EXERCISE DATA below:
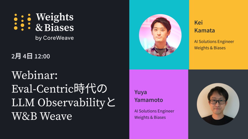 AI Agentは作れる時代になった。しかし、本番で“使われ続ける”Agentはまだ少ない。本ウェビナーでは、Eval-Centricという考え方を軸に、LLM Observabilityが本番運用で果たす役割と、進化したW&B Weaveを通じて「Agentを育て、守る」ための実践的アプローチを解説・デモします。
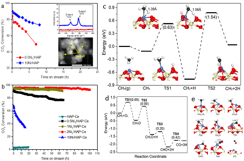 近日,大连化物所催化与新材料研究室研究员乔波涛、院士张涛团队在单原子催化研究方面取得新进展,发现在甲烷干整反应中羟基磷灰石负载镍(Ni)原子催化剂不仅具有高活性,而且具有本征抗积炭性能。研究揭示Ni单原子活性位上CH4发生不完全解离,避免C物种生成,从源头上避免了积碳生成。
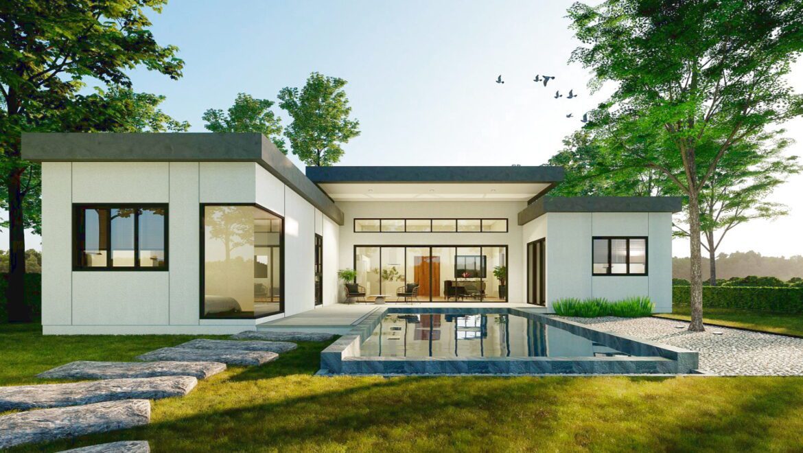 - Flachdach-Villa im modernen Design mit Spannbetondach
End of EXERCISE DATA.
■ **YOUR INSTRUCTIONS**: Quote the preceding listing precisely and completely, omitting its images.

■ **WRITTEN SOLUTION**:
 AI Agentは作れる時代になった。しかし、本番で“使われ続ける”Agentはまだ少ない。本ウェビナーでは、Eval-Centricという考え方を軸に、LLM Observabilityが本番運用で果たす役割と、進化したW&B Weaveを通じて「Agentを育て、守る」ための実践的アプローチを解説・デモします。
 近日,大连化物所催化与新材料研究室研究员乔波涛、院士张涛团队在单原子催化研究方面取得新进展,发现在甲烷干整反应中羟基磷灰石负载镍(Ni)原子催化剂不仅具有高活性,而且具有本征抗积炭性能。研究揭示Ni单原子活性位上CH4发生不完全解离,避免C物种生成,从源头上避免了积碳生成。
 - Flachdach-Villa im modernen Design mit Spannbetondach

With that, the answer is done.